Foto: Cecília Justen
Ei! Tudo bem?
Espero que sim :)
Hoje, mais um clássico, mas infelizmente o último do ano. E nada melhor do que terminar com a amargura de Eça de Queirós pela Igreja Católica. O autor, que viveu em Portugal em um período em que a religião influenciava a vida de todos, via a ciência como uma grande solução, por isso vem O Crime do Padre Amaro, para chocar a sociedade e mostrar que o catolicismo da época era extremamente incoerente.
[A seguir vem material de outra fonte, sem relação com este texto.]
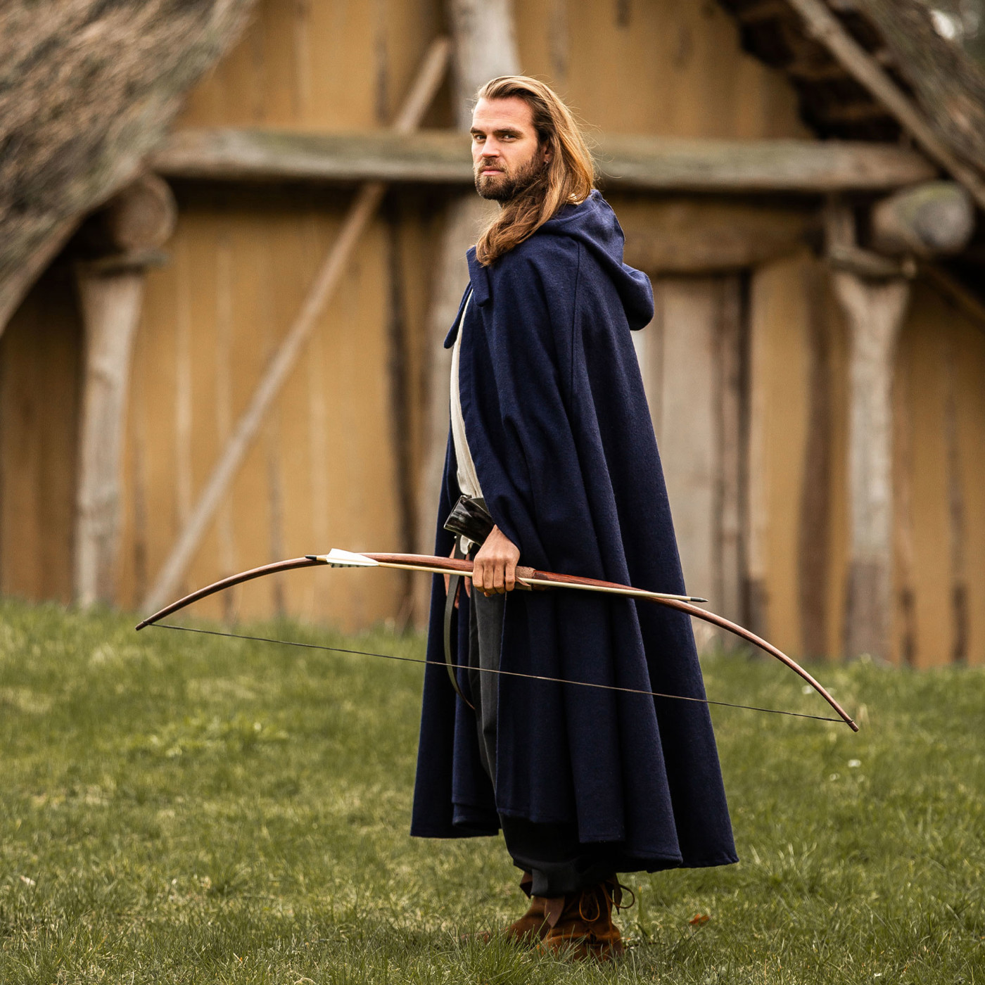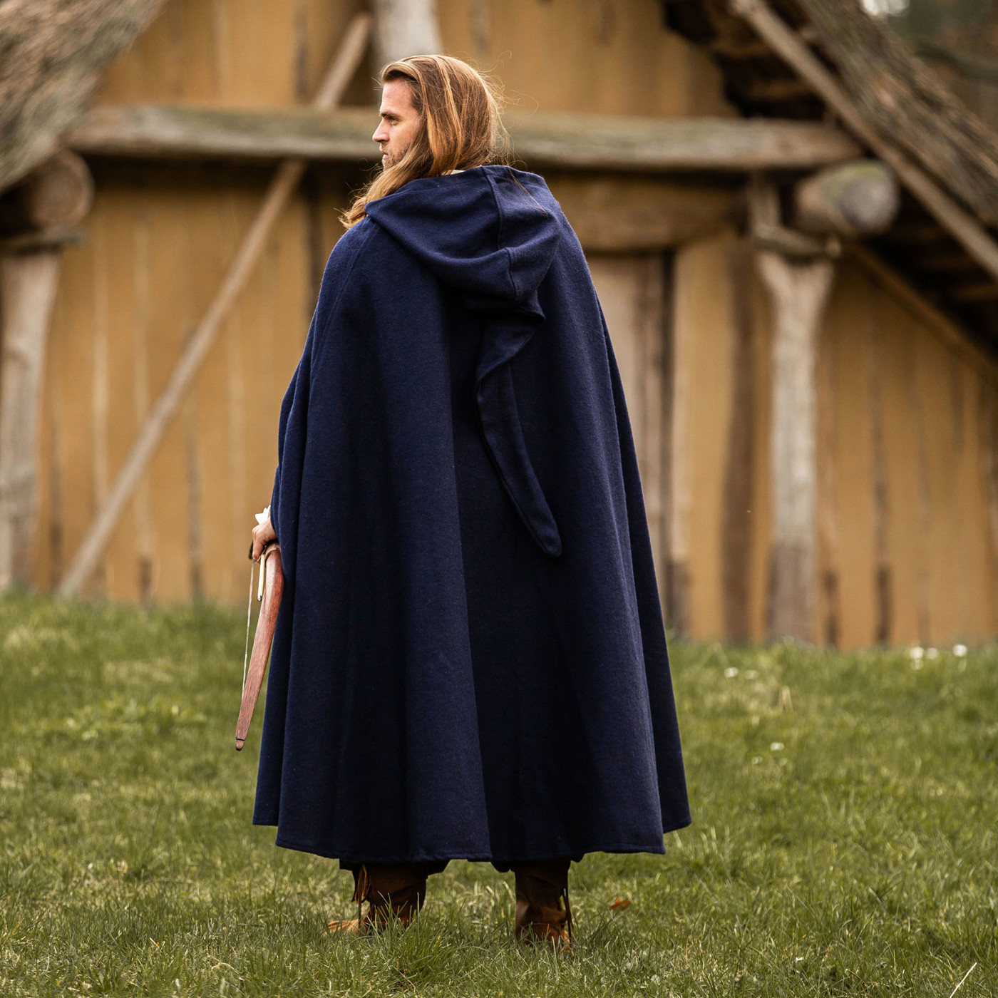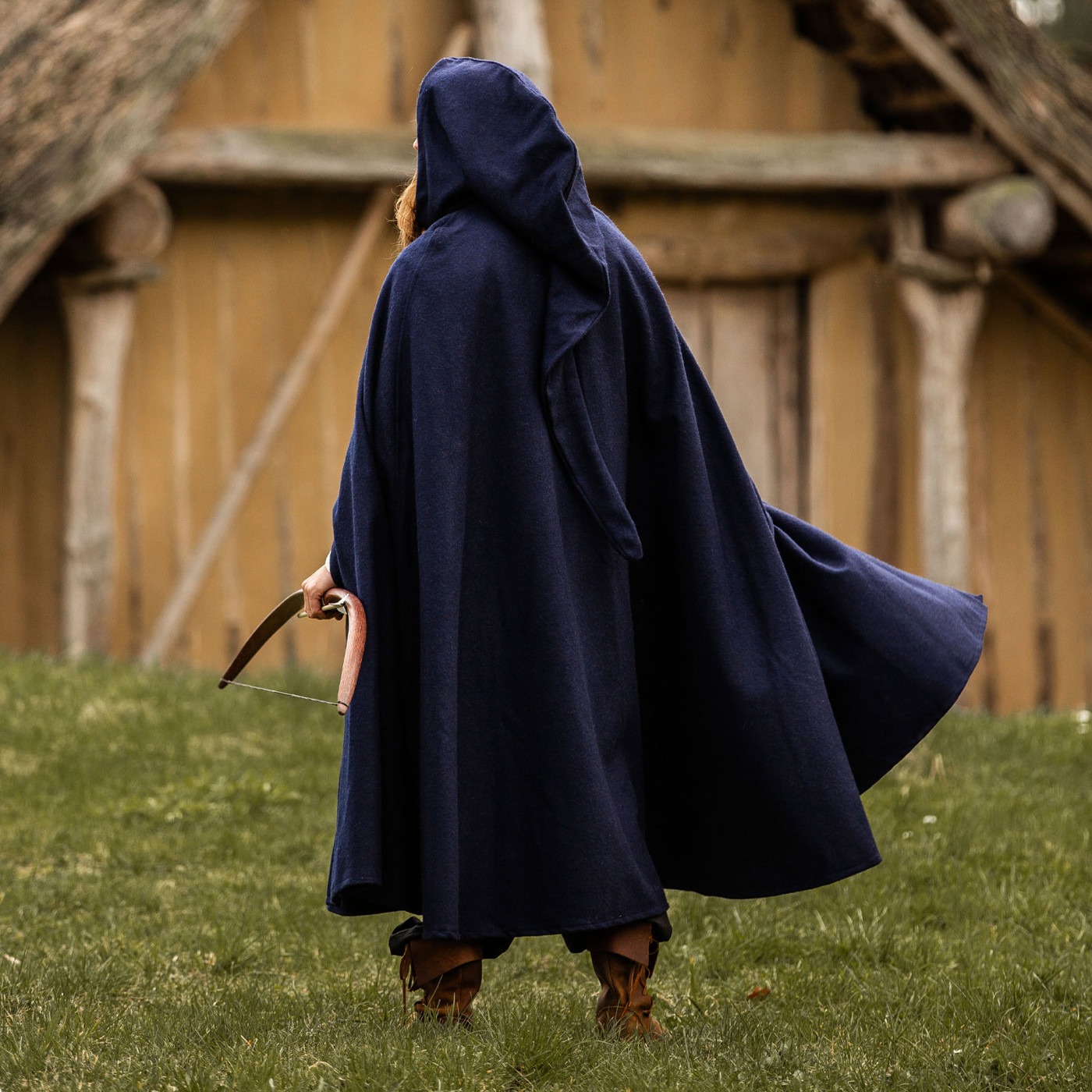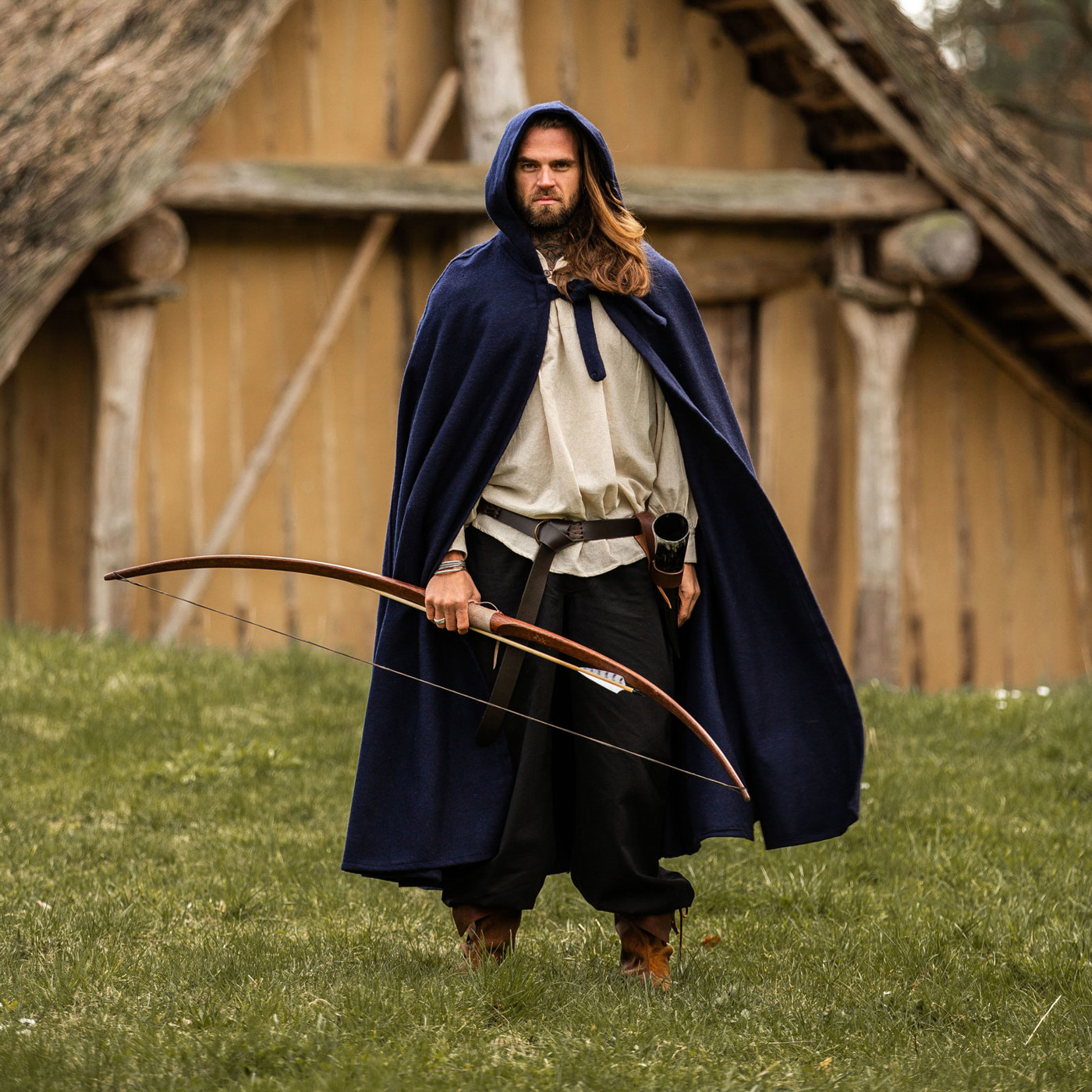 Stell dir vor, du schreitest durch ein altes Wikingerdorf. Der Wind peitscht dir entgegen, doch dein Wollumhang „Hervir“ legt sich schützend um deine Schultern. Die lange Kapuze wirft Schatten über dein Gesicht und verleiht dir ein geheimnisvolles Auftreten. Am Lagerfeuer wärmt dich der schwere Wollstoff, während du mit Gefährten Geschichten vergangener Schlachten teilst.

Abrindo o Realismo, sim uma das matérias de Literatura, Eça abandona todo o lado do Romantismo para nos mostrar o óbvio, o claro, não deixar brechas para idealizações e criticar toda a realidade. Ficou curioso? Vem comigo, mas venha preparado.
O Crime do Padre Amaro - Eça de Queirós
Sinopse: O autor adota um ponto de vista desapaixonado para narrar a história da infeliz Amélia, seduzida pelo inescrupuloso Amaro, que entra para o convento graças à imposição de uma nobre beata. Sem vocação alguma, o padre aceita o seu destino passivamente, mostrando absoluto desinteresse pela profissão que abraça sem entusiasmo, e termina pecando contra a castidade, traindo os votos proferidos na sua ordenação. Amélia, educada em um ambiente fervorosamente católico, acostuma-se a viver em um meio hipócrita. Sua atração pelo padre, pura paixão carnal que a desorienta e destrói, nasce da falta de referências morais e do desconhecimento completo do que seja o amor. Os burgueses, os aristocratas, os políticos, os sacerdotes são os vários componentes de um sistema social decadente e perverso. Os seres humanos não são indivíduos propriamente, mas temperamentos dominados pelo instinto e pelo meio social, que lhes determinam o modo de agir.